On their blogs, Joerg Wegner and Murray-Rust took the rest of the chemistry blogosphere to task for not including more minable data, using standards such as Chemical Markup Language (CML). CML is used to include metadata on chemical structures and compounds that people post on the Internet. While it’s essentially invisible to human readers, search engines can use the extra data to sift through content on the Internet more efficiently for information that is specific to user-defined queries about chemical structures or substructures.

Aside from that gibberish in the last paragraph, we know nothing about the subject of informatics and making chemically-minable data. Since we’re basically starting this blog from scratch, we want to try to get all the informatics stuff right from the beginning. I notice that using the latest version of ChemDraw (Ultra 9), you can save structures as CML files (in addition to the “usual” .cdx). Where is the proper place to put this CML code? In the image file? Can it go anywhere in the blog post?
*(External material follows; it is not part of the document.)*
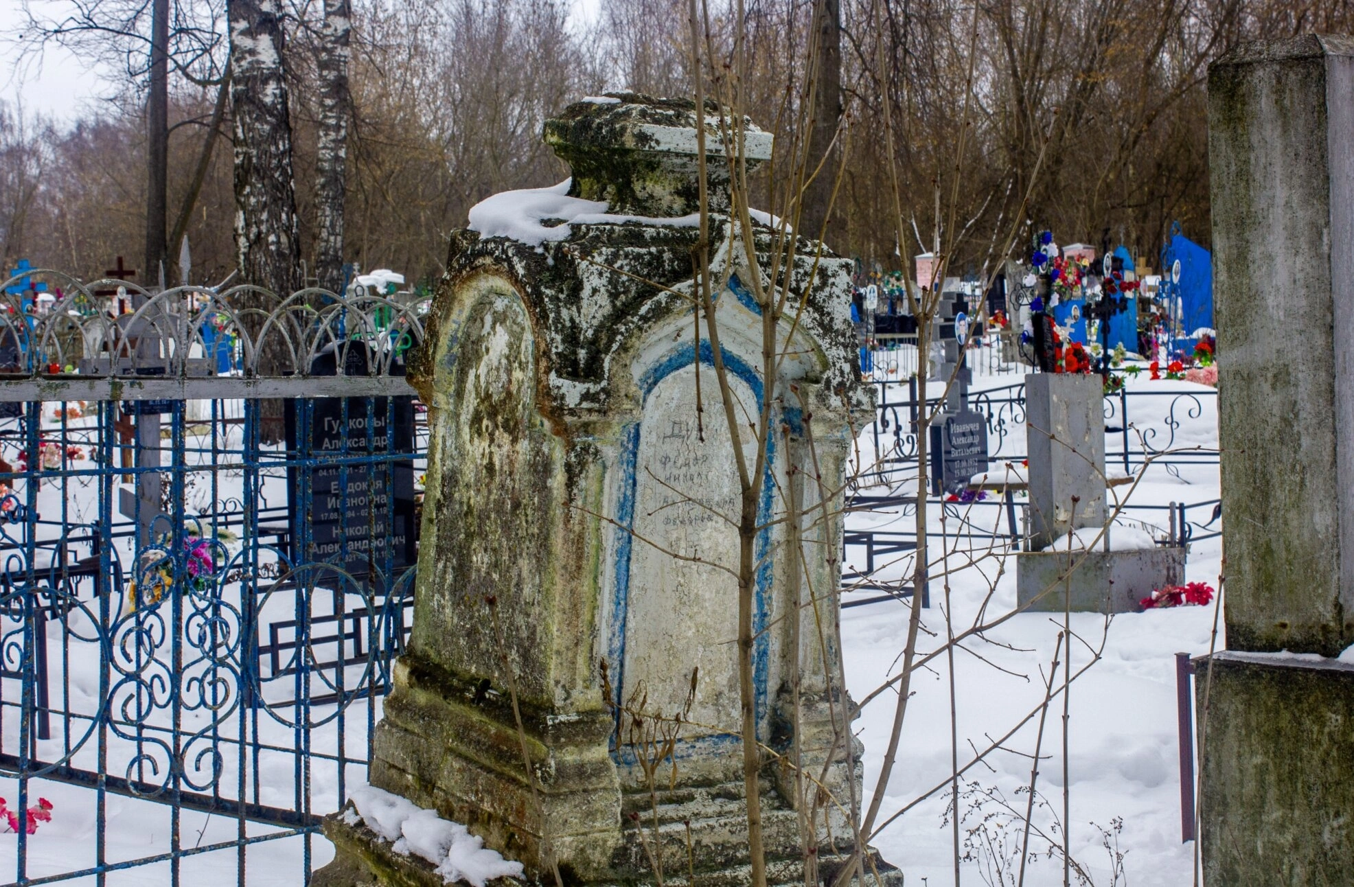 Общий пасмурный зимний пейзаж наполнен тишиной и умиротворением, характерными для православных кладбищ. Отсутствие людей на фотографии позволяет сосредоточить внимание на духовной составляющей места вечного упокоения и архитектурных особенностях старинных надгробий.

We also have the following questions:

1. Is CML the “standard” way of including structural information in electronic form? For instance, how does SciFinder or Beilstein store this information? If they don’t use CML, why don’t we just do it the way these programs do it, since they are the main tools already used by chemists?

2. How do you recommend tagging images of chemical structures? Is a name and CAS number good? Is this unnecessary if the CML data is in there?

3. Is there anything else we’re missing?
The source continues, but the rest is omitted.